### INFORMATION PROVIDED
--------------------
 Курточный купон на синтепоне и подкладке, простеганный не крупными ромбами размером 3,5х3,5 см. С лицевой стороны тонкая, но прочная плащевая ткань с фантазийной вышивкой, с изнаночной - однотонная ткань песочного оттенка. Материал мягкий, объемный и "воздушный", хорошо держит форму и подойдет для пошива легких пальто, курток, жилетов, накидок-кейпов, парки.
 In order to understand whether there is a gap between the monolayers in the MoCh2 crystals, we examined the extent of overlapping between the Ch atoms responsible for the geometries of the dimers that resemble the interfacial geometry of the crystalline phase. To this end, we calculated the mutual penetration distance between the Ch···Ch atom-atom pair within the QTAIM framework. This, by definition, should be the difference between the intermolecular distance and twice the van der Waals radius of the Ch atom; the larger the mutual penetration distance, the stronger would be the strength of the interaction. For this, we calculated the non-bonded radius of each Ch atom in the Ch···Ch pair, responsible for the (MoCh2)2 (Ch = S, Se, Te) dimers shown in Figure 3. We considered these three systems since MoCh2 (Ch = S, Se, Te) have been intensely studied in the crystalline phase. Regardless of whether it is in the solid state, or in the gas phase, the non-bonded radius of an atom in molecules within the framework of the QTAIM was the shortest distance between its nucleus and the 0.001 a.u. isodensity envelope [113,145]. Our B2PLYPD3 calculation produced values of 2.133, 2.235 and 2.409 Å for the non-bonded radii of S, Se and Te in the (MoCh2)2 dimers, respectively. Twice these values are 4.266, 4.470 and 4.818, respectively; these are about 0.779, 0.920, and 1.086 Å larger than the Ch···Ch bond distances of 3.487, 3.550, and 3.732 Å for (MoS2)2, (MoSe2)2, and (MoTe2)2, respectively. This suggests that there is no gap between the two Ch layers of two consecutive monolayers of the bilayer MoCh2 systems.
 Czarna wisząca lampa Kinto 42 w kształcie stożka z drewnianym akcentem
--------------------
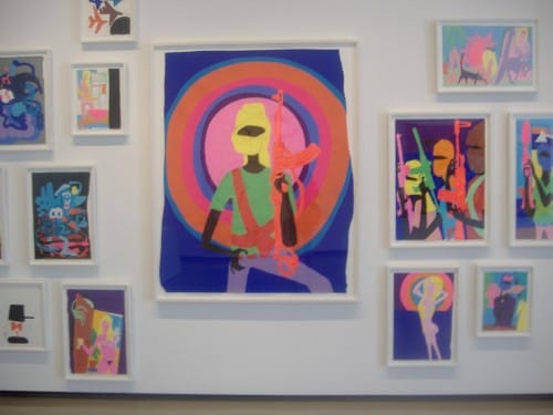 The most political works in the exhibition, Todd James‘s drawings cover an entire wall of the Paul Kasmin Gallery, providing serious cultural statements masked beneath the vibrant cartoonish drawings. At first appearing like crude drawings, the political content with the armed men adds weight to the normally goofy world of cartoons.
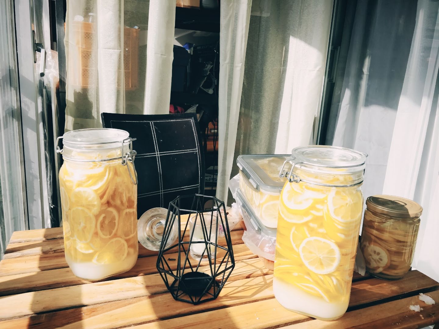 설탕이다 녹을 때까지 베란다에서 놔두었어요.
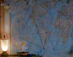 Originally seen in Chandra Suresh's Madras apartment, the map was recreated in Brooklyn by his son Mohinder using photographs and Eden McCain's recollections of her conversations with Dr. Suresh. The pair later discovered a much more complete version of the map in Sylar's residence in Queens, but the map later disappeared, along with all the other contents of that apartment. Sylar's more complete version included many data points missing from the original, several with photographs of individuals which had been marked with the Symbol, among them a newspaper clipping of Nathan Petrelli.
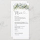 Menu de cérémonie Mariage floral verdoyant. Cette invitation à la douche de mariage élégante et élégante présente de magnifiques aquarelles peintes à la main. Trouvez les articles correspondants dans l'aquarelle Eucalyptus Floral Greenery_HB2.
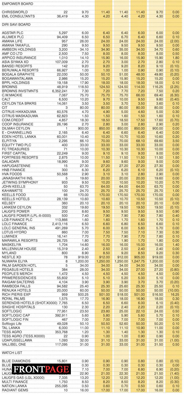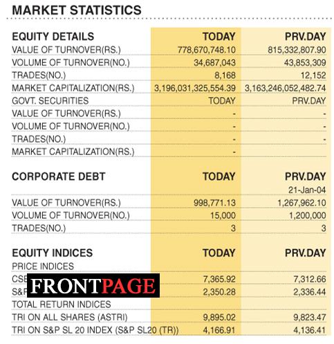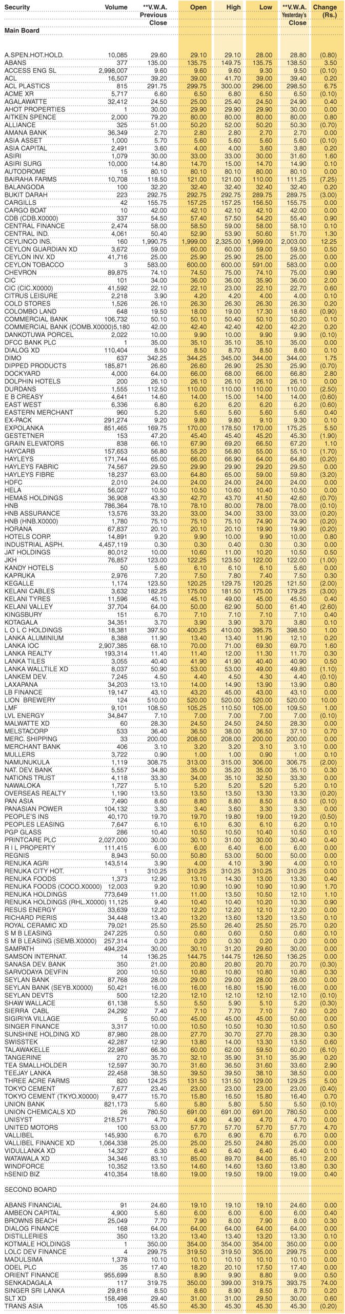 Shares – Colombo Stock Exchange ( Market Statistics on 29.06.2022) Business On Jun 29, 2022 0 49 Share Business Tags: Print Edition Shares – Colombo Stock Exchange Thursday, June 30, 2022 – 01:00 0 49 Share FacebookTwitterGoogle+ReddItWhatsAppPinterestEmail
--------------------
### TASK GOAL
All that should be printed is the run of lines above from the one with "The most political" through the one with "설탕이다 녹을 때까지 베란다에서 놔두었어요.", both included, exactly as given, with pictures left out.

### YOUR SOLUTION
 The most political works in the exhibition, Todd James‘s drawings cover an entire wall of the Paul Kasmin Gallery, providing serious cultural statements masked beneath the vibrant cartoonish drawings. At first appearing like crude drawings, the political content with the armed men adds weight to the normally goofy world of cartoons.
 설탕이다 녹을 때까지 베란다에서 놔두었어요.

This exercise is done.